But that's not the issue, critics say. It's whether as-yet
medically proved illness ought to be paid for by insurance
companies, employers and patients at the same levels as
diseases science physically has confirmed.
Neither former surgeon general David Satcher (author of the
1999 Surgeon General's Report on Mental Health) nor former
NIMH director Steven Hyman would agree to an interview to
discuss these matters. Given the official admission by
former surgeon general Satcher it is tempting to speculate
why the interviews were denied. What is unclear is why
lawmakers continue to push for mental-health parity with
medical disease when, to date, there is no physical proof
that any of the psychiatric mental disorders can be
confirmed as abnormalities of the brain.
As recently as late May sponsors of the House parity
legislation, Marge Roukema (R-N.J.) and Kennedy, continued
the push to "end discrimination against patients seeking
treatment for mental illness." In a "Dear Colleague" letter
to members of the House of Representatives entitled "The
Truth About The Impact of Mental Health Parity," Roukema and
Kennedy attempted to "eliminate any confusion about the
DSM." The authors sought to give credence to the APA's
diagnostic manual, explaining that, "for 50 years, DSM has
been widely recognized as the 'international standard'
system for classifying mental disorders," and the "DSM is
the state of the art of the knowledge base."
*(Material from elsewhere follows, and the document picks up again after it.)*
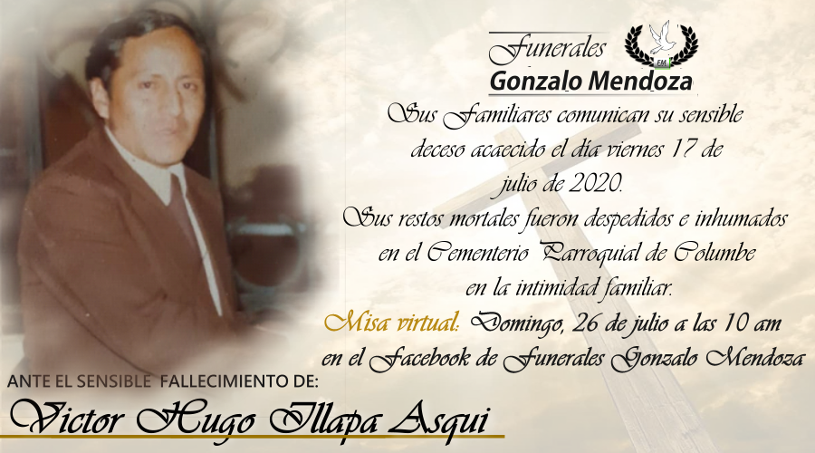 La misa virtual será transmitida por la página de Facebook lice de Funerales Gonzalo Mendoza el día domingo 26 de julio a las 10 de la mañana

The "Dear Colleague" advocacy letter closed by observing:
"There will always be those who oppose ending insurance
discrimination. … While we strongly disagree with them, we
look forward to a debate on the facts." Perhaps so. But
nowhere did the letter so much as mention that none of the
psychiatric diagnoses in the DSM are based in physical
science such as abnormalities of the brain found in life or
death.
Meanwhile, independent groups representing businesses and
other insurers say they are alarmed about the financial
burden the proposed legislation is certain to produce. It is
widely estimated that nearly 45 million Americans already
are without health insurance and there is little doubt that
mandating expanded coverage of undefined "mental disease"
will run up costs and premiums still further. No one knows
how much, but consider these guesstimates:
In 2001 the Business Journal estimated the likely
increase in costs would be as high as 40 percent; the
National Association of Health Underwriters suggests
insurance premiums likely would increase by 11.4 percent.
The National Federation of Independent Businesses (NFIB)
conducted a study among its 600,000 members that indicates
even existing state benefit mandates could increase
premiums by as much as 30 percent.
An April 2002 PricewaterhouseCoopers report estimates
that government mandates and regulations, which increased
25-fold from 1970 to1996, will add $10 billion to the
overall increase in health premiums.
Charles N. Kahn III, president of the Health Insurance
Association of America (HIAA), testified before Congress
in 1999 that coverage for psychiatric hospital stays alone
already had increased premiums by 12 percent.
In Maryland, a 1992 Blue Cross/Blue Shield Association
study documented "the most expensive individual benefits
were estimated to be substance-abuse and
mental-health-care services." Outpatient
mental-health-care visits increased more than 78 percent
once mandates were expanded — from 448,000 in 1983 to
800,000 in 1986.
The NFIB, the National Association of Manufacturers, the
U.S. Chamber of Commerce and the HIAA are among the many
organizations opposed to the parity legislation. According
to Randy Clerihue, a spokesman for HIAA, "We don't like this
bill because it's going to raise the cost of health care.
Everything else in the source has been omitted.